Work instruction: In the entries below, which lines run from the one with "Maleta L Negra" through the one with "地暖宝的创新在于跳出传统供暖"? Repeat exactly those, both included, and no pictures.

+++ Data listing +++

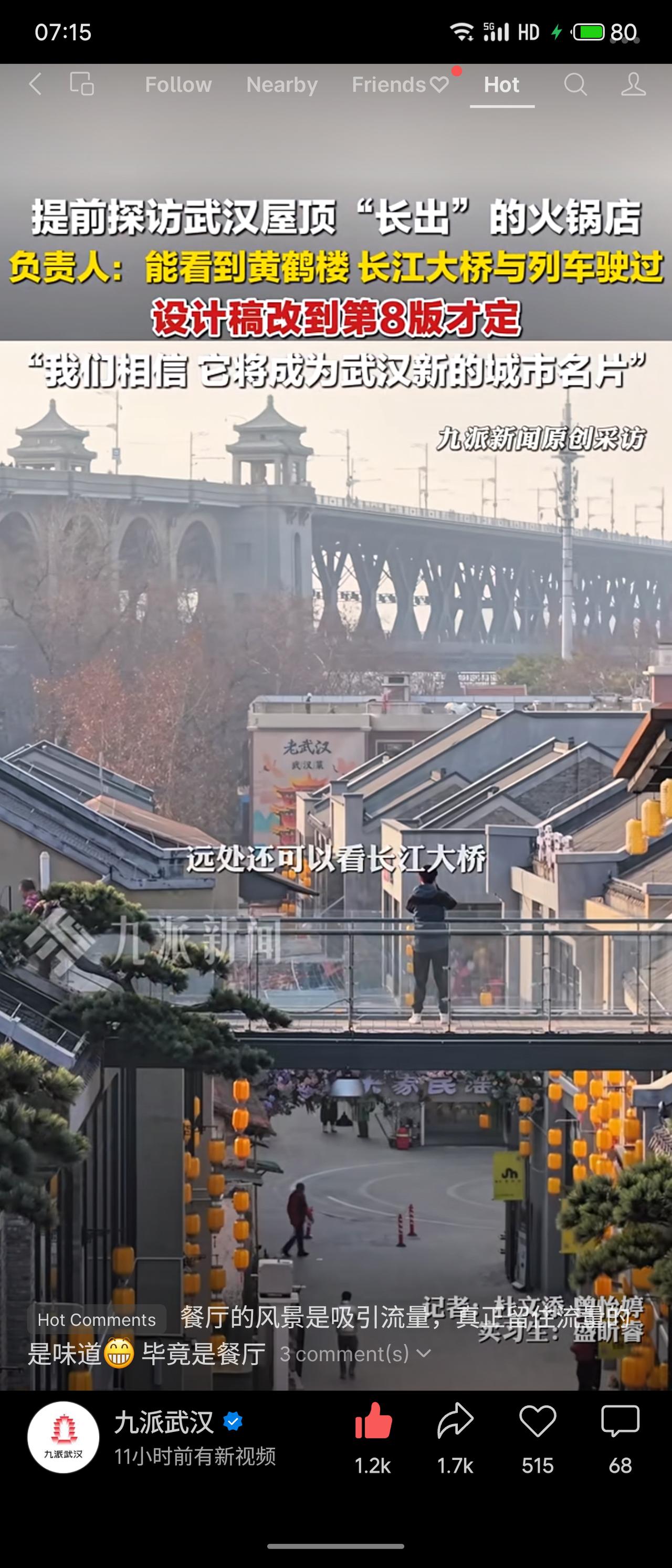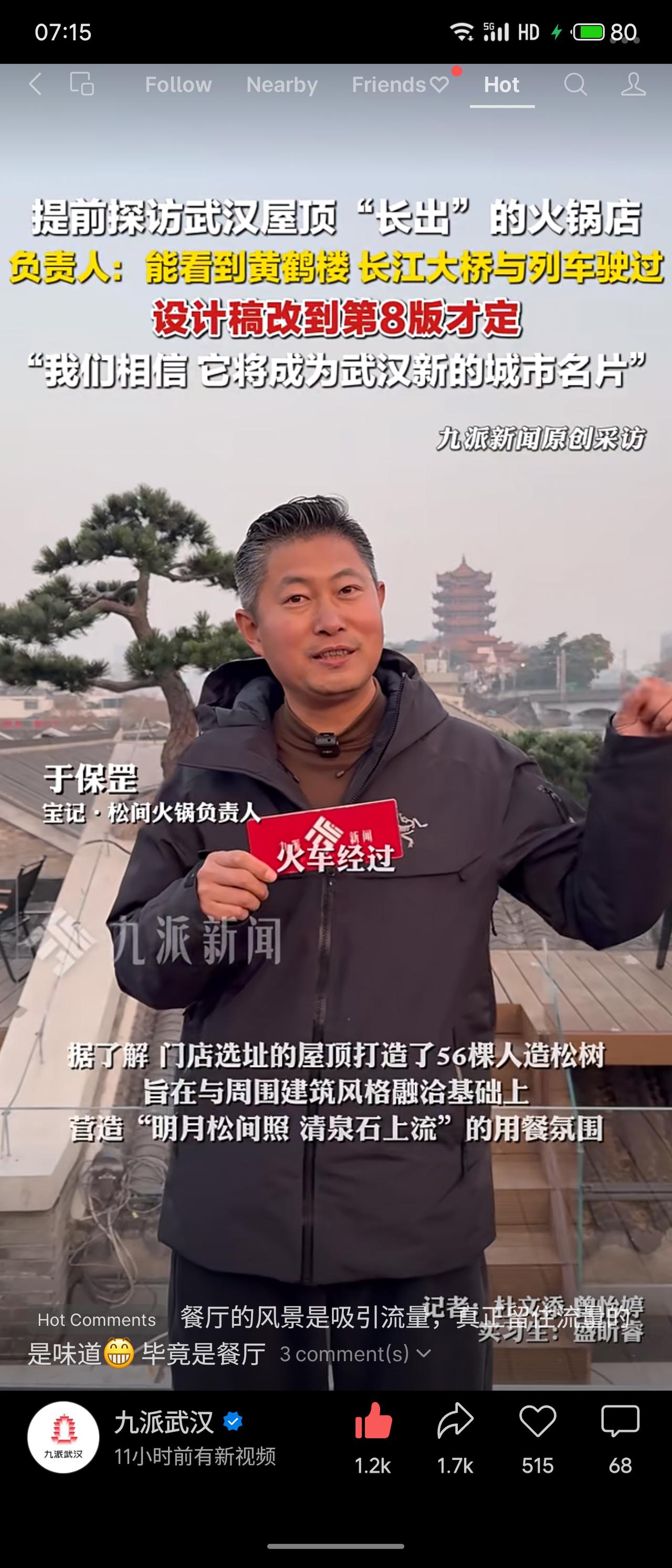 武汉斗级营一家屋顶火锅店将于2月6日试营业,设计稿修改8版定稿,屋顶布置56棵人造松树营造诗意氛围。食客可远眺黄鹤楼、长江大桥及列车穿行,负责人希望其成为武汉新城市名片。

+++
+++ Data listing +++

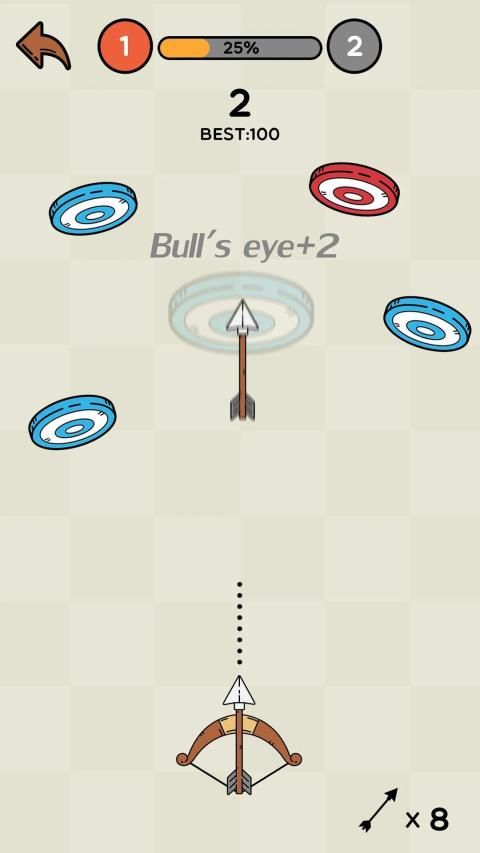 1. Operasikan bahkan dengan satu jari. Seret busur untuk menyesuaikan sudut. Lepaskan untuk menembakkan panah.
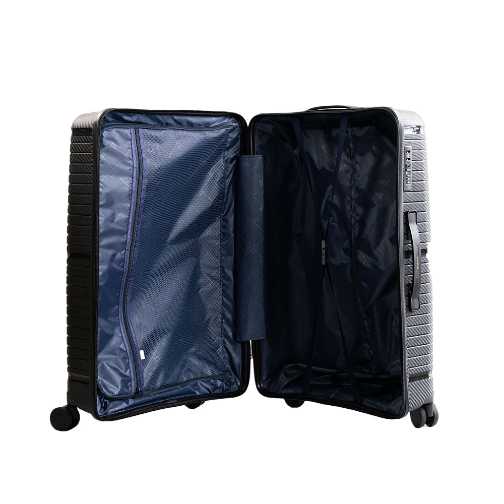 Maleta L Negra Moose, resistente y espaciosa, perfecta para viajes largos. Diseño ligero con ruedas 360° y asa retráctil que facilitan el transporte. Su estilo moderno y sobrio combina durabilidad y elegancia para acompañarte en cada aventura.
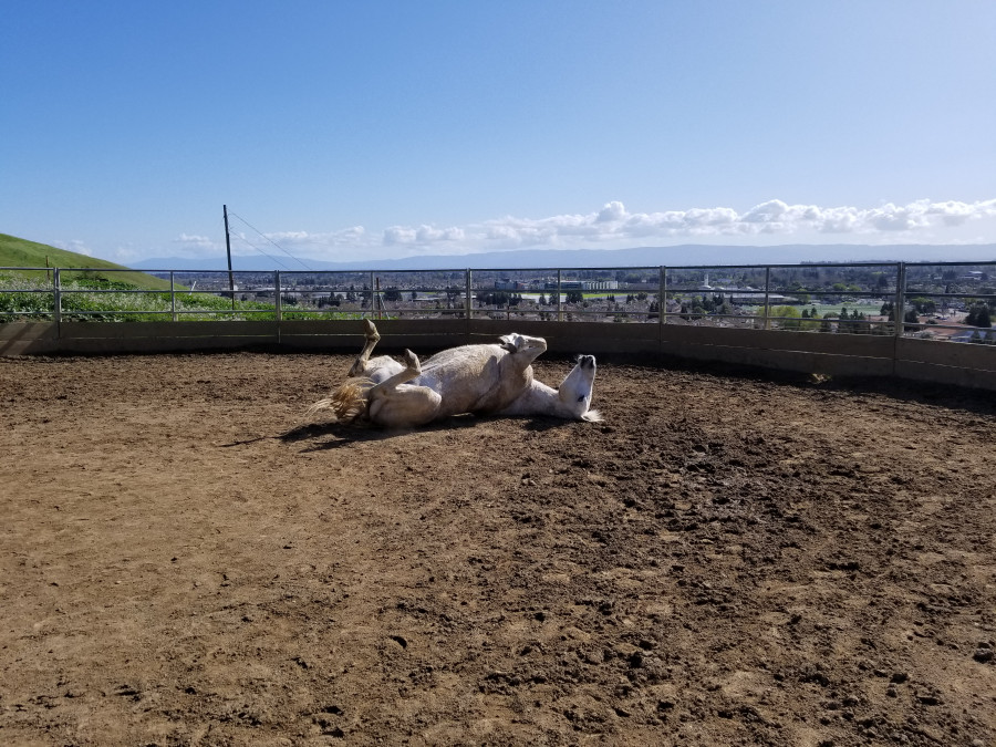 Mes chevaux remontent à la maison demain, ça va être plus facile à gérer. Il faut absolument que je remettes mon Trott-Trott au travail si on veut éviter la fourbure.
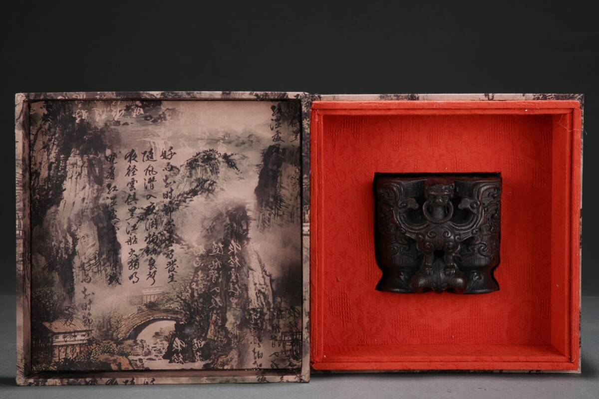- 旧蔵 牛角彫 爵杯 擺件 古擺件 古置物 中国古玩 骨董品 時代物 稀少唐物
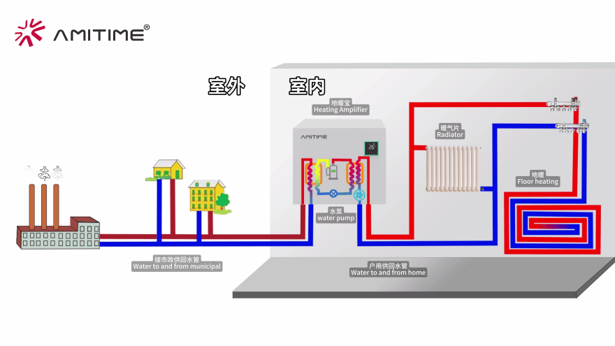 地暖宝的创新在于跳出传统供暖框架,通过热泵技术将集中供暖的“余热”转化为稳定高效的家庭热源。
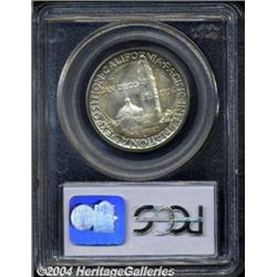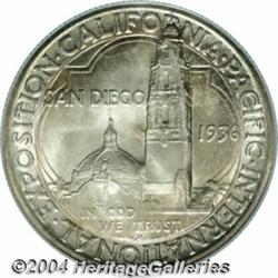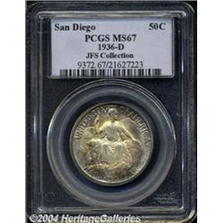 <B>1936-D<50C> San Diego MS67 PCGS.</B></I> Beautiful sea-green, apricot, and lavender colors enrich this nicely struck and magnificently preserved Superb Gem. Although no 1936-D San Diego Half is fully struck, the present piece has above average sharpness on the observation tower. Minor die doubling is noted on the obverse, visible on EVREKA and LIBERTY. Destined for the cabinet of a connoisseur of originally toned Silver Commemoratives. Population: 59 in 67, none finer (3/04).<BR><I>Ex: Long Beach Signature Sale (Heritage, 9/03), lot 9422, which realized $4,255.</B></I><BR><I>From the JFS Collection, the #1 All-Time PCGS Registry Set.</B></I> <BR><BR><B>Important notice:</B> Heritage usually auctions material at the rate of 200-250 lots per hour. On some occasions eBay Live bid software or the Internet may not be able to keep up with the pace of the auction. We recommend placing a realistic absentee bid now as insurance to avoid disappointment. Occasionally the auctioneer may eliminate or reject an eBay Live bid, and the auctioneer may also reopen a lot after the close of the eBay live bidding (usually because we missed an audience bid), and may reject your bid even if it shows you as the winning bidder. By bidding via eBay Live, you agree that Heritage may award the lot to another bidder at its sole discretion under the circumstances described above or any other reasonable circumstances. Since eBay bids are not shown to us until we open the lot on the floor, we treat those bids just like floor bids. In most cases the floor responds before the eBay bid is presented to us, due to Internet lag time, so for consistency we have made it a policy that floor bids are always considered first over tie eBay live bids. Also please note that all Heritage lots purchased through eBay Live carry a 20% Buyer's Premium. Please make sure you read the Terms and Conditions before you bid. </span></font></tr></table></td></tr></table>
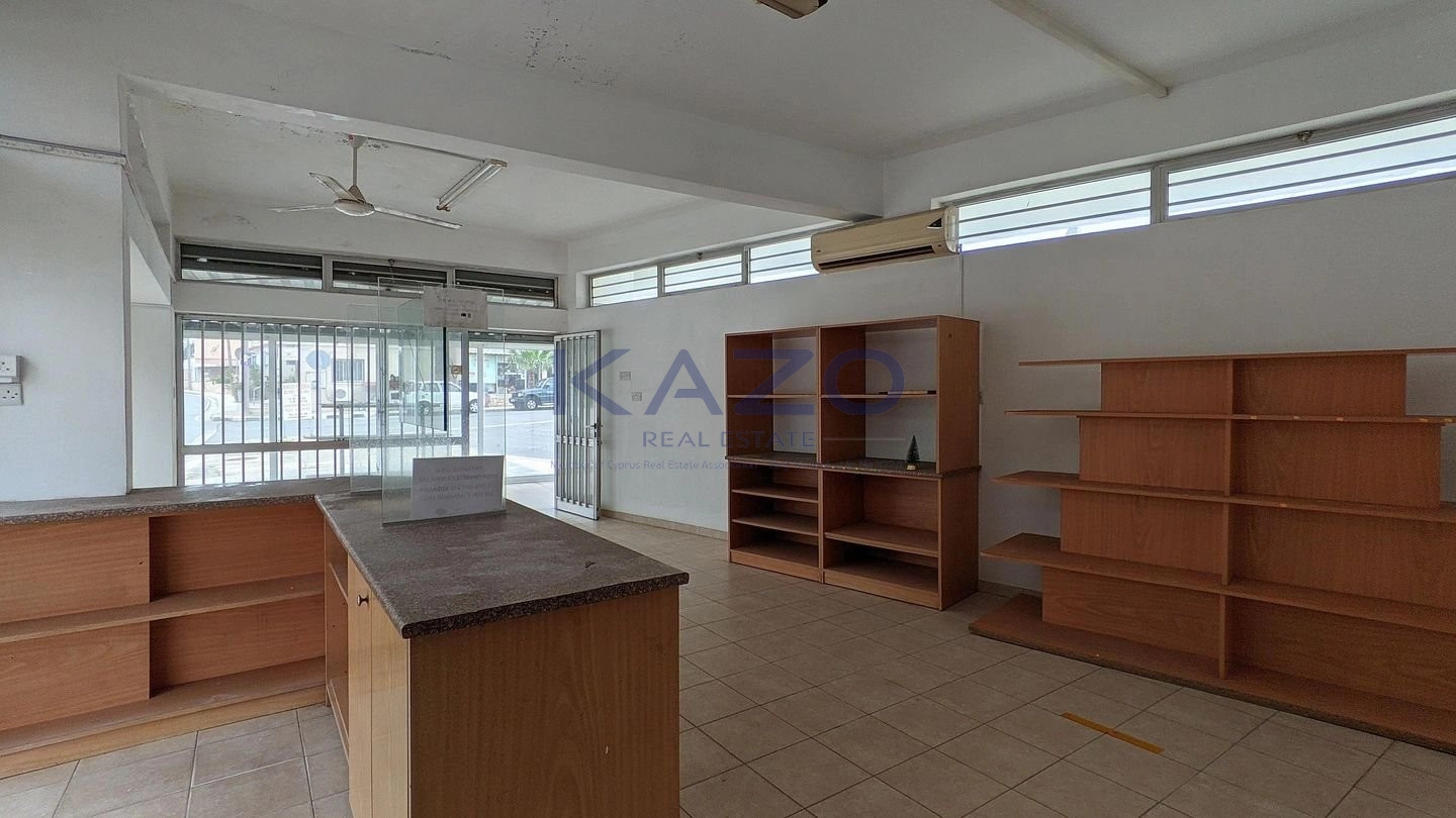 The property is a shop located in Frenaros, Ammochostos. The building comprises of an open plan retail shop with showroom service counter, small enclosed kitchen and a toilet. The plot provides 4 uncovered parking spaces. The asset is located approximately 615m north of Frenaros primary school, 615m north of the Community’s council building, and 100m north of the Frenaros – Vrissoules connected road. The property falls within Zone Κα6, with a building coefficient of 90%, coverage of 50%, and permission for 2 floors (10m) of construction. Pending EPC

+++
+++ Data listing +++

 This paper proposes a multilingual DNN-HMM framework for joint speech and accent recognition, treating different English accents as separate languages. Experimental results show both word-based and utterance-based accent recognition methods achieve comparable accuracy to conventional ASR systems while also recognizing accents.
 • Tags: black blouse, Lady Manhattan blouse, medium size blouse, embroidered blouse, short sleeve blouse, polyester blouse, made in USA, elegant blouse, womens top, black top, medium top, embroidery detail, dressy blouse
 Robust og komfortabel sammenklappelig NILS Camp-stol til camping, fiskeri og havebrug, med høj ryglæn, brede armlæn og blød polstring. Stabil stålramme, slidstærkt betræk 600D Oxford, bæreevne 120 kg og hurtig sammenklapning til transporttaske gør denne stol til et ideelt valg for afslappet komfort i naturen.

+++

Final answer:
 Maleta L Negra Moose, resistente y espaciosa, perfecta para viajes largos. Diseño ligero con ruedas 360° y asa retráctil que facilitan el transporte. Su estilo moderno y sobrio combina durabilidad y elegancia para acompañarte en cada aventura.
 Mes chevaux remontent à la maison demain, ça va être plus facile à gérer. Il faut absolument que je remettes mon Trott-Trott au travail si on veut éviter la fourbure.
- 旧蔵 牛角彫 爵杯 擺件 古擺件 古置物 中国古玩 骨董品 時代物 稀少唐物
 地暖宝的创新在于跳出传统供暖框架,通过热泵技术将集中供暖的“余热”转化为稳定高效的家庭热源。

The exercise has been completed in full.